Arriving in Spain means falling into her warmth and enjoying her fabulous food! She folds you into her bosom to feast on Tit Cheese, Paella, and for meat-eaters – her famous jamon. Spain favors flavor over beauty – vegetables in stunning deep colors with flaws and bumps and bruises to show they have been well loved – and will do the same for you.
It was great fun to travel across the millions of acres of olive groves towards the sea and reminisce about how much Spain looks like the American Southwest. Of course, we wondered why there are no olives in our land like this, and it turns out it is too hot there.
Spain a huge country, nearly as big as Texas, so once we began to follow the coast, we also began to worry that the draw of the beach might cause us to run out of time to get back to Paris for a rendez vous with a friend. Alas, Spain is not as far south as Texas, so despite the bright sun, it is brisk and sometimes downright cold in November. We actually found frost on the windows in Salamanca and a reading of 30 degrees! In a motorhome that makes for cold mornings! As a traveler just a wee tired of tourists, Spain is the place to be in November – you can have the whole place to yourself! But, looking for a little more heat, we think to Southeast Asia in December and brace ourselves for Northern France the end of November.
Below is one of our campsites right on the beach. In these places we find many Germans, Austrians, French, Dutch and others from the north escaping the cold in their motorhomes, but we are also surprised to learn that these sites have semi-permanent trailers as well. In fact, we have seen this all over Europe. Sometimes the camping parks even have tiny cabins for rent. People have small campers with porches, astroturf “lawns” and potted plants – getaways much the same as the “Cabin up North” in Minnesota. However, folks in Europe seem to be more comfortable with lot sizes MUCH smaller than we would like for our cabins and cottages. The smallest most of us would tolerate would be two acres with at least one unobstructed sight line to the water, but these campers sit on sites that are perhaps 20 x 20 feet if that! The nice thing, the campground provides the bathrooms and take care of cleaning them – one task I can do without!
We have tended to stay two or three days in places we like, but searching out the next campsite takes time. In the beginning of our trip we used an app through a website called, “Camper Contact” that served us well until we entered the “off season.” Camper Contact provides maps with campsites, information about the site and even reviews from previous guests. When we have internet, it’s a pretty handy tool. For some reason, the further south we have gone in Europe, and the later in the season, the less campsites available through Camper Contact. Fortunately, we had also purchased the “Camping Card ASCI” that came with actual paper books with maps and campsite listings of certified campsites that offer discounts during the offseason. Either way, we spend between Euro 17-Euro 30 for a night in one of these places.

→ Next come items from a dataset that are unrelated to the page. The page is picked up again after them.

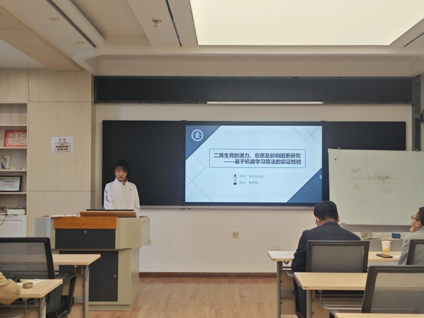 李秀秀同学从研究意义、数据来源与模型选择等5个方面进行了汇报。她的研究指出,人口问题是影响我国社会发展的基础性、全局性和战略性问题,虽然国家和地方政府均出台了人口生育鼓励政策,但全国二孩生育率仍然不高,应用机器学习算法分析我国居民二孩生育的潜力、意愿及影响因素等问题后发现,我国总体二孩生育水平较低但生育潜力较大,年龄、家庭人均收入、健康状况、配偶最高学历等因素会显著影响二孩生育意愿。
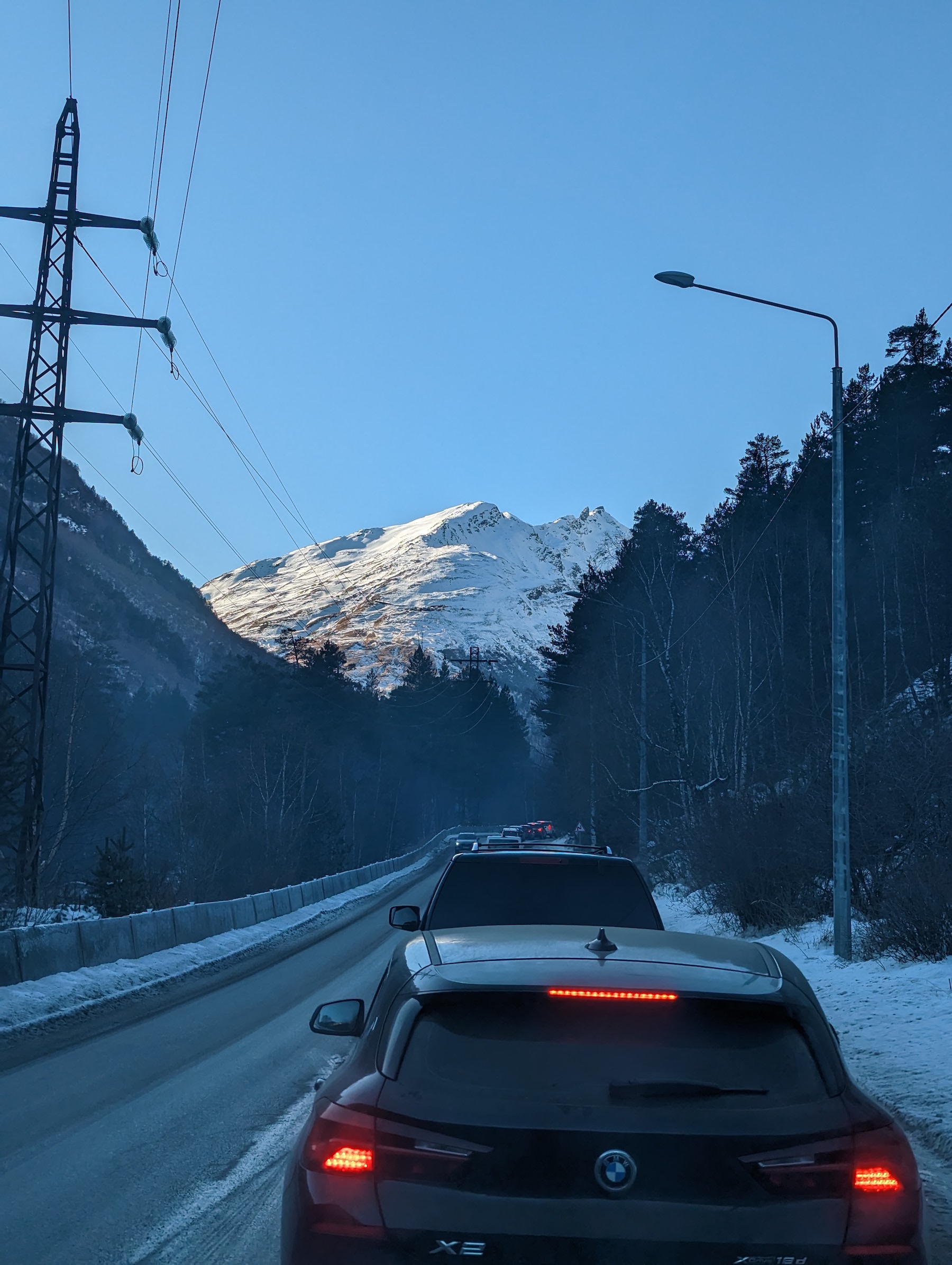 И где-то уже при подъезде к Поляне Азау, мы попадаем в часовую пробку. Сначала думали, что случилась какая-то страшная авария, но как потом выяснилось, просто ДПСники сильно ограничивали входящий поток машин.
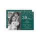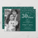 Invitation surprise pour les 30 ans de mariage avec photo. Design élégant en vert émeraude et argent avec police de caractères script et confettis. Peut être personnalisé pour afficher n'importe quelle année de mariage. À 30 ans de mariage !
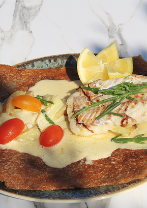 les saisons les huîtres, moules de bouchot, pommes de terre primeur, poissons et crustacés issus du travail des coopératives de producteurs de Noirmoutier.
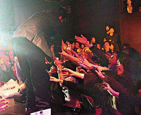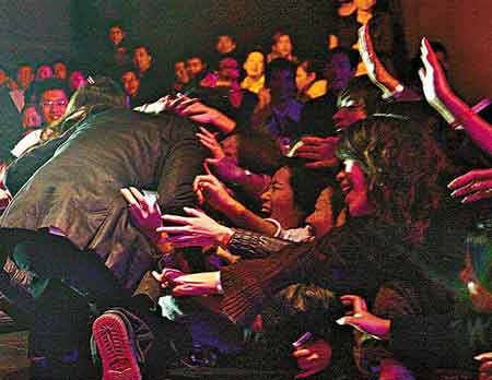中新網(wǎng)12月14日電 劉德華早前在內(nèi)地演出時為歌迷跳下臺,王力宏日前在上海表演時卻差點被歌迷扯下臺,險象環(huán)生。

When in Granada we knew we couldn’t miss the Alhambra with it’s ornately carved plaster, spectacular gardens and views of the Granada Valley around. We have been so lucky on this trip managing to command sun each day we tour…even if it is a little brisk in the mornings.
Look above Max’s head for the crown! Our little prince stands below it.
The Alhambra provided a bit of family bonding time after a few homesick days.
“Jeff, smile. Make it look like you’re really happy!” Aren’t the walls spectacular? Maybe when I have a little time, I’ll do this to the walls in our house, perhaps a bathrooms somewhere, and make mosaic rock paths like those I admired at the Alhambra!
The day we visited the Alhambra was election day in the United States and heavy thoughts rumbled through our minds as we toured the once Islamic palace. We wondered if our fellow countrymen would vote for a man who allowed the fearful and racist a voice. As we left the Alhambra, this graffiti caught my attention – seemed somehow an omen or symbolic of the man who we would vote into power.